"Okay."

"Well, let's take a ground-level look at the country around here."

The facsiport rolled open on the landscape. A range of bluffs hugged the horizon, the color of decaying moss. Above them, the sky was the black of space, or the almost equal black of the winter sky above Minneapolis, seen against neon-lit snow. That cold, empty sky was full of fire and light. It seemed almost a magnification of the Galaxy itself, of the Milky Way, blown up by some master photographer.

This fiery swath was actually only a belt of minor planets, almost like the asteroid belt in the original Solar System. These planets were much bigger, nearly all capable of holding an atmosphere. But to the infuriation of scientists, for no known reason not all of them did. This would be the fifth mapping expedition to the planetoids of Yancy-6 in three generations. They lay months away from the nearest Earth star by jump drive, and no one knew what they were good for, although it was felt that they would probably be good for something if it could only be discovered—much like the continent of Antarctica in ancient history.

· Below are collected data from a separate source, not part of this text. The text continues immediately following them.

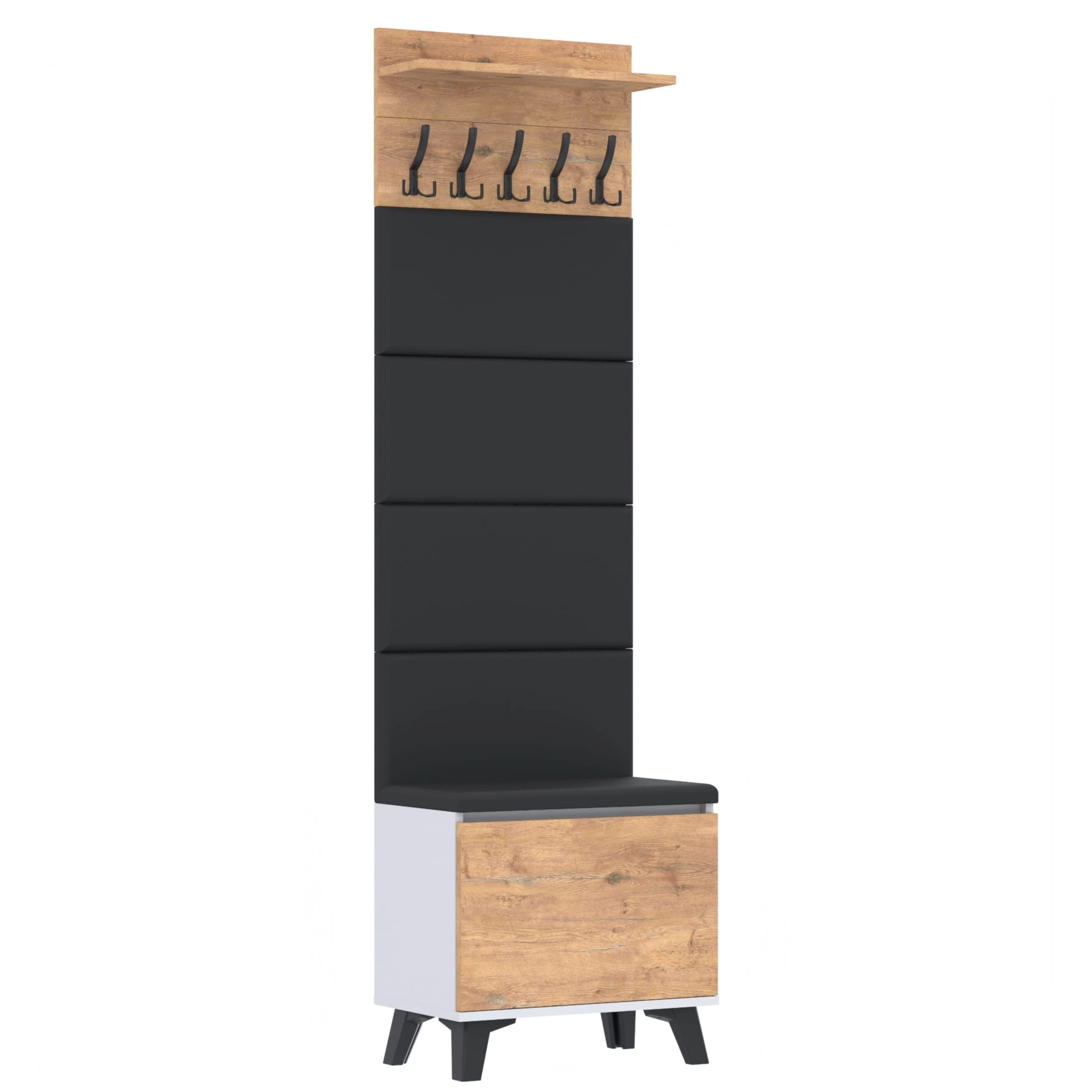 Materiał: Płyta meblowa 18mm, obrzeże ABS, okucia metalowe, nóżki 12cm z plastiku, haki wieszaka metalowe.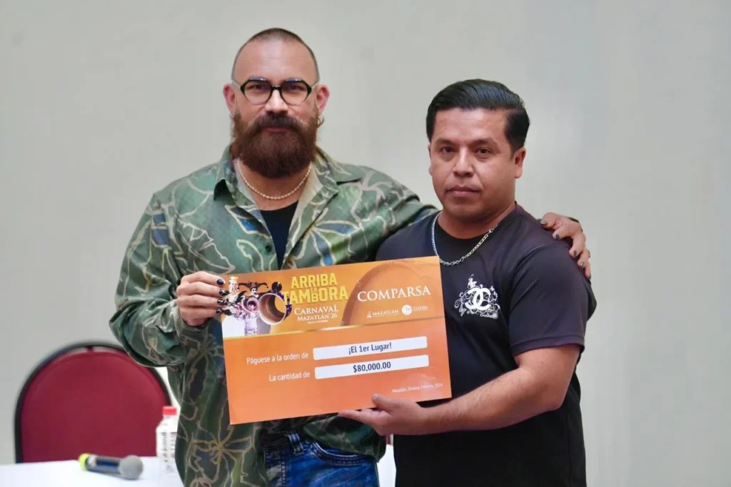 Mazatlán, Sinaloa, febrero de 2026.- Tras una brillante participación en los magnos desfiles del Carnaval Internacional de Mazatlán 2026, “Arriba la Tambora”, el Instituto Municipal de Cultura, Turismo y Arte de Mazatlán premió este viernes a los triunfadores del Concurso de Comparsas de Concurso.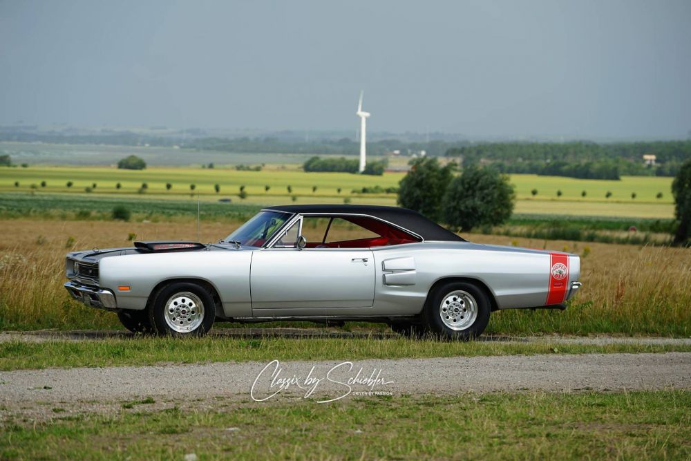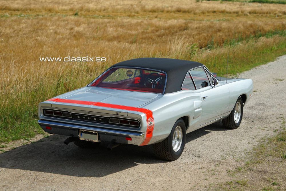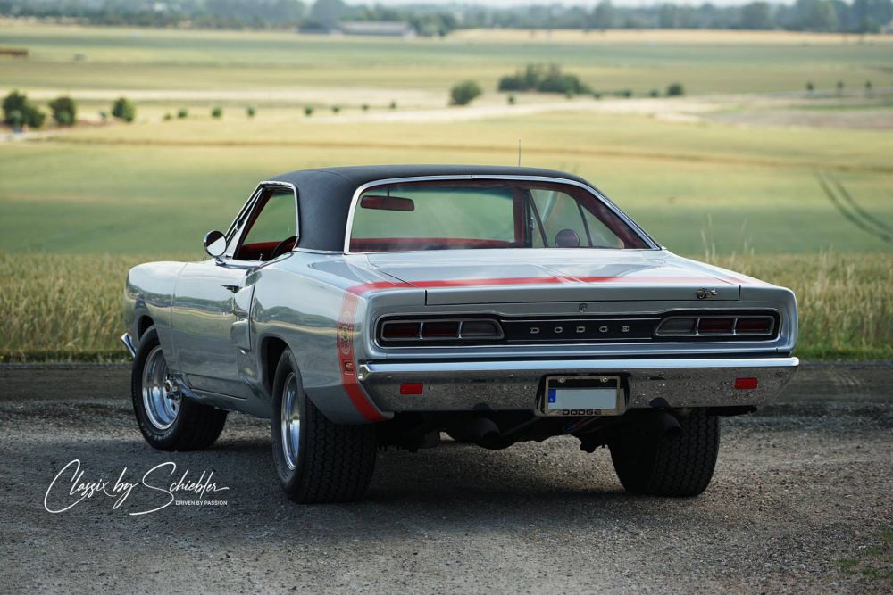Exterior: The Dodge Coronet Super Bee 440 “Six pack” 1969 that we have for sale I think is as muscular as an American muscle car can get. Today fitted with a set of wheels that suit the style of car and fill out the wheel arches well. The colour combination is just spot on for this giant 2-door coupe. A lot of work has been done recently to the body. The Super Bee was repainted in 2018/2019 and has been used only on dry summer days after that. At the same times as the car was painted, the vinyl top was also replaced. The Super Bee is now straight as arrow and has very good panel gaps. The underneath of the car is as good as the top. New European headlights replaced the sealed beam type used in USA during this period.
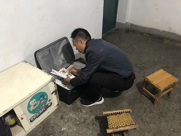 申军良在济南的租住屋内翻看行李箱的寻人启事。澎湃新闻记者 钟笑玫 图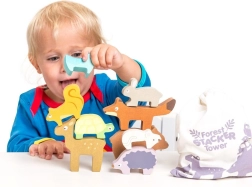 Stivuirea animalelor în turn susține coordonarea mână–ochi, precizia prinderii și jocul imaginativ. Activitate ideală pentru toddleri.

"How can a planet with so many neighbors be so lonely?" Ryan asked. He was the captain, so he could ask questions like that.

"Some can be lonely in a crowd," Nogol said elaborately.


"What will we need outside, Ryan?" Ekstrohm asked.

"No helmets," the captain answered. "We can breathe out there, all right. It just won't be easy. This old world lost all of its helium and trace gases long ago. Nitrogen and oxygen are about it."

"Ryan, look over there," Nogol said. "Animals. Ringing the ship. Think they're intelligent, maybe hostile?"